だが、泣き崩れることなく、じっと俺を見ている。
俺と敵対することが不利益につながると判断した奴らが、彼女に罪を被せて人身御供にしたということか。
どこの世界でも共通の、良識のある大人達の政治的配慮、もしくは英断というやつだ。
大を守るために、小を切り捨てる。
ご立派過ぎて反吐が出る。
「そうか··じゃあ、やって欲しいことがある。
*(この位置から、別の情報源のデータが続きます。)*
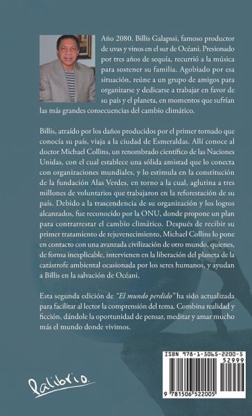 Año 2080. Billis Galapssi, famoso productor de uvas y vinos en el sur de Océani. Presionado por tres años de sequía, recurrió a la música para sostener su familia. Agobiado por esa situación, reúne a un grupo de amigos para organizarse y dedicarse a trabajar en favor de su país y el planeta, en momentos que sufrían las más grandes consecuencias del cambio climático. Billis, atraído por los daños producidos por el primer tornado que conocía su país, viaja a la ciudad de Esmeraldas. Allí conoce al doctor Michael Collins, un renombrado científico de las Naciones Unidas, con el cual establece una sólida amistad que lo conecta con organizaciones mundiales, y lo estimula en la constitución de la fundación Alas Verdes, en torno a la cual, aglutina a tres millones de voluntarios que trabajaron en la reforestación de su país. Debido a la trascendencia de su organización y los logros alcanzados, fue reconocido por la ONU, donde propone un plan para contrarrestar el cambio climático. Después de recibir su primer tratamiento de rejuvenecimiento, Michael Collins lo pone en contacto con una avanzada civilización de otro mundo, quienes, de forma inexplicable, intervienen en la liberación del planeta de la catástrofe ambiental ocasionada por los seres humanos, y ayudan a Billis en la salvación de Océani. Esta segunda edición de "El mundo perdido" ha sido actualizada para facilitar al lector la comprensión del tema. Combina realidad y ficción, dándole la oportunidad de pensar, meditar y amar mucho más el mundo donde vivimos.

」
「···何···ですか?」
ティーファは、わかりやすく怯えた顔をした。膝がガクガクと震え、隣のアレックスは唇を噛み、拳を握り締めている。
なんだ···アレックスは頭のイタイ子なのかと思っていたが、ティーファに付き添ってきた友達想いの奴なのか···な?と思えた。
こういった場合の定番の要求など、普通に考えれば想像がつく。そりゃあ、この年頃の女の子にすれば、恐怖でしかないだろうな。
「いろんなことを学び、死に物狂いで強くなれ。世の中の理不尽に打ち勝って、自分の信念を貫けるように。」
自分の言葉にムカついたのは内緒だ。
エージェント時代に、俺が果たせなかったことを押しつけようとしている。
こちらの世界に来てから、ようやく理解をしたのだ。力が正義なら、誰にも負けない力を持つしかない。一介のエージェントでは、臨むことのできない力。
相手が国だろうが、神だろうが、対等に渡り合える武力、知力、胆力など、あらゆる力を。
「···それ···だけ?」
唖然とした表情で、しばらく沈黙を続けていたティーファが問いかけてきた。
「それだけで良い。ただ、簡単なことじゃない。」
「鍛えて···もらえるのですか?」
「そんな義理はないな。自力でやってくれ。」
本音で言えば、自分の理想論を押しつけ、
それでも、ティーファとアレックスは、深々と頭を下げて去っていく。
そして、その後、俺は覗き見をしていた別の2人に声をかけることになる。